Langit Malibu membara. Kepulan asap hitam menggulung, menelan deretan rumah di sepanjang Pacific Coast Highway. Angin mengangkat abu seperti serpihan mimpi buruk, menyelimuti pemandangan reruntuhan yang berserak. Namun, di tengah kehancuran itu, sebuah rumah putih setinggi tiga lantai berdiri kokoh, seperti simbol ketahanan di tengah malapetaka.
David Steiner, pemilik rumah berukuran 4.200 kaki persegi dengan empat kamar tidur tersebut, menyebutnya sebagai sebuah mukjizat. Bagi sebagian orang, itu tampak seperti keajaiban semata, tetapi bagi Steiner, rumah itu adalah hasil dari desain dan visi yang cermat—dibangun untuk menghadapi gempa bumi.
“Jujur saja, saya tidak pernah membayangkan dalam sejuta tahun bahwa api bisa melintasi Pacific Coast Highway dan memicu kebakaran besar seperti ini,” ujar Steiner kepada The New York Post, Jumat, 10 Januari 2025.

Jarak memisahkan Steiner dari Malibu ketika kebakaran melanda. Seorang kontraktor setempat mengirimkan video yang menunjukkan kobaran api melalap rumah-rumah di sekitar propertinya. “Sepertinya rumahmu juga akan habis,” ucap sang kontraktor.
Mendengar itu, Steiner bersiap menerima kenyataan pahit: rumahnya akan menjadi abu. Namun, nasib berbicara lain. Ketika api mulai padam dan debu mengendap, gambar-gambar yang muncul di berbagai media membuat Steiner tertegun. Rumahnya tetap tegak di tengah puing-puing hangus di sekelilingnya.

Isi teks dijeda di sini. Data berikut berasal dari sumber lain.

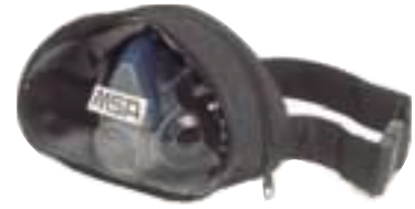
The convenient belt pouch is ideal for storing and carrying the Advantage 200 LS and its filters

“Saya tidak percaya saat teman-teman mulai menelepon dan mengirim pesan, ‘Kami melihat rumahmu di berita!’,” kenangnya. “Baru setelah saya melihat sendiri, saya sadar kami berhasil melewatinya.”
Steiner mengaku tidak merasa lebih beruntung dari yang lain. “Saya kehilangan beberapa barang material,” katanya. “Tapi banyak orang kehilangan rumah mereka. Jangan doakan saya, doakan mereka.”
Bukan rumah utama
Meski megah, rumah di Malibu itu bukan kediaman utama keluarganya. Tidak ada kenangan masa kecil atau barang-barang yang sarat nilai sentimental di sana. Bagi Steiner, rumah itu hanyalah sebuah bangunan—properti yang dirancang untuk menahan gempa, bukan menghadapi kobaran api.